═══ Data extract ═══

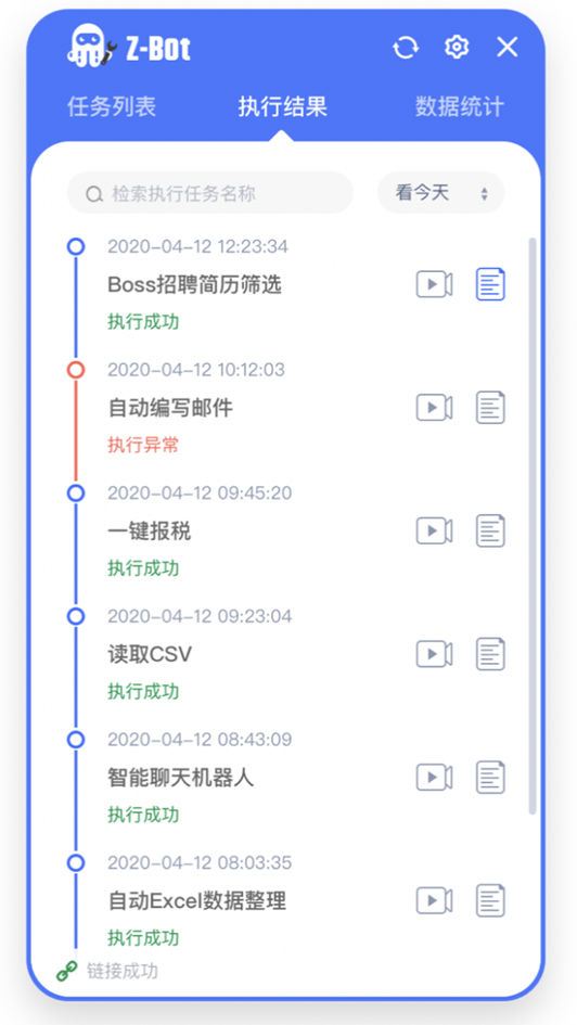 The execution result shows the records and results of all tasks on the z-bot terminal robot in the form of time axis, which can quickly understand the execution of tasks at each time point and understand the operation of the z-bot terminal robot. By default, all the execution recording processes of the machine are displayed, which can be filtered by task name or time.
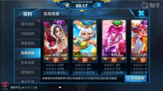 Miyako的常用英雄图,有没有发现什么?没错,最爱玩的英雄全是女性角色,这大概是妹子们的通病吧!好用不好用不重要,厉害不厉害不重要,关键一定要好看!不过Miyako这几个女性英雄的胜率都非常高,而且看这个盘数,可以判断出,漂亮的Miyako小姐姐,七夕肯定是一个人在王者峡谷过,想不想来偶遇一把?关注触手直播间5091082。
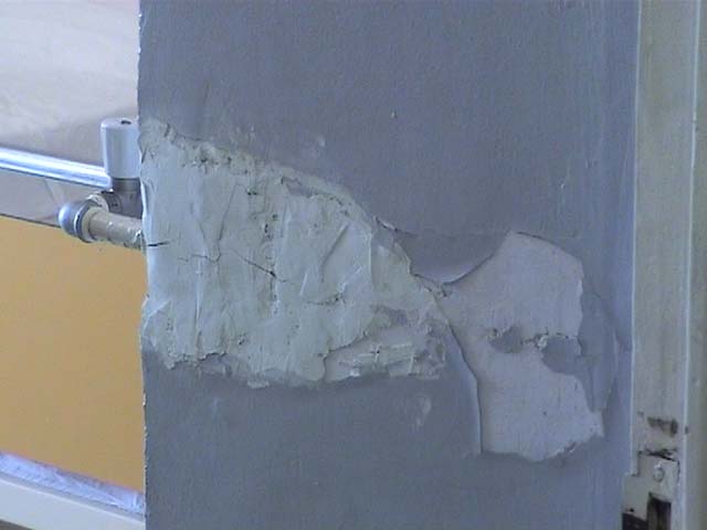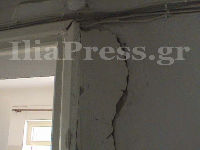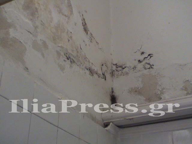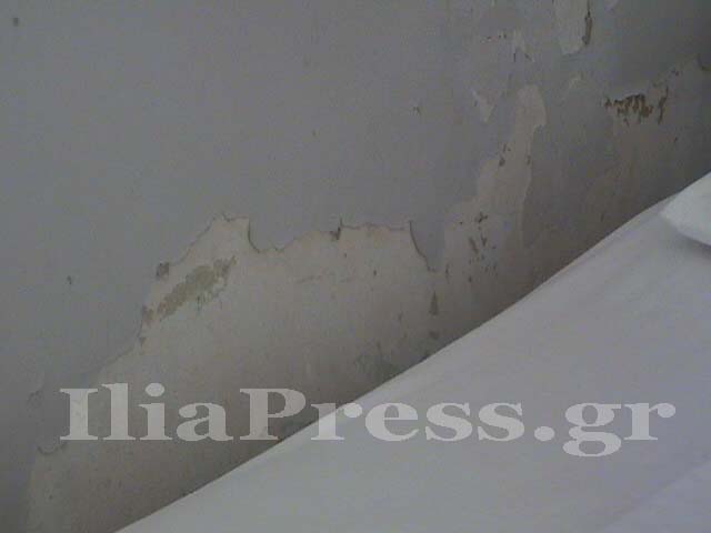 πεσμένοι σοβάδες. Το κτίριο, όπως λέει στην κάμερα του IliaPress ο Διευθυντής, κ. Ευαγγ. Φωτεινόπουλος, δεν έχει ανακαινισθεί από τότε που χτίστηκε, δηλαδή το 1970!
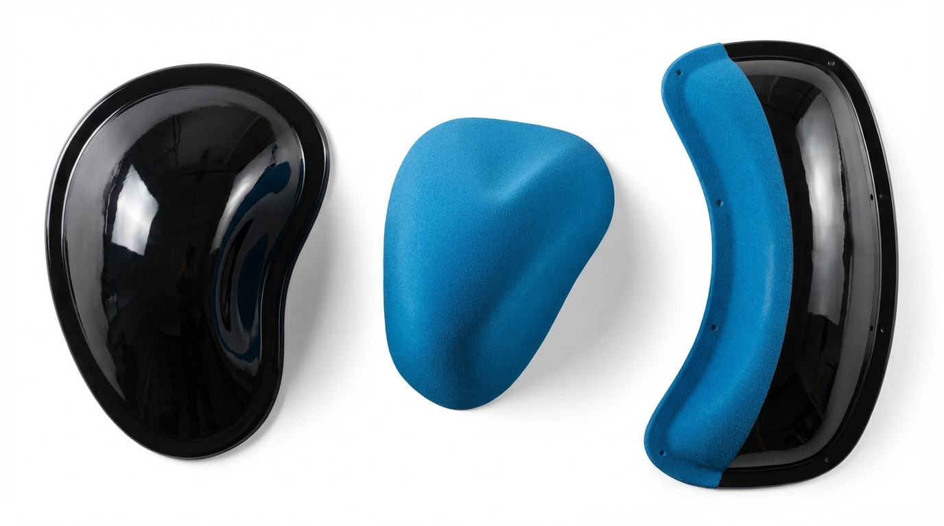 Dual texture holds have a combination of textured and smooth surfaces. The texture is where you want to direct your grip, while the rest of the surface is more slippery. This allows route setters to precisely control the difficulty and movement. Ideal for modern bouldering problems and competition setups.

═══

What is being asked »
Copy the material above word for word, images excluded.

Exercise answer »
 The execution result shows the records and results of all tasks on the z-bot terminal robot in the form of time axis, which can quickly understand the execution of tasks at each time point and understand the operation of the z-bot terminal robot. By default, all the execution recording processes of the machine are displayed, which can be filtered by task name or time.
 Miyako的常用英雄图,有没有发现什么?没错,最爱玩的英雄全是女性角色,这大概是妹子们的通病吧!好用不好用不重要,厉害不厉害不重要,关键一定要好看!不过Miyako这几个女性英雄的胜率都非常高,而且看这个盘数,可以判断出,漂亮的Miyako小姐姐,七夕肯定是一个人在王者峡谷过,想不想来偶遇一把?关注触手直播间5091082。
 πεσμένοι σοβάδες. Το κτίριο, όπως λέει στην κάμερα του IliaPress ο Διευθυντής, κ. Ευαγγ. Φωτεινόπουλος, δεν έχει ανακαινισθεί από τότε που χτίστηκε, δηλαδή το 1970!
 Dual texture holds have a combination of textured and smooth surfaces. The texture is where you want to direct your grip, while the rest of the surface is more slippery. This allows route setters to precisely control the difficulty and movement. Ideal for modern bouldering problems and competition setups.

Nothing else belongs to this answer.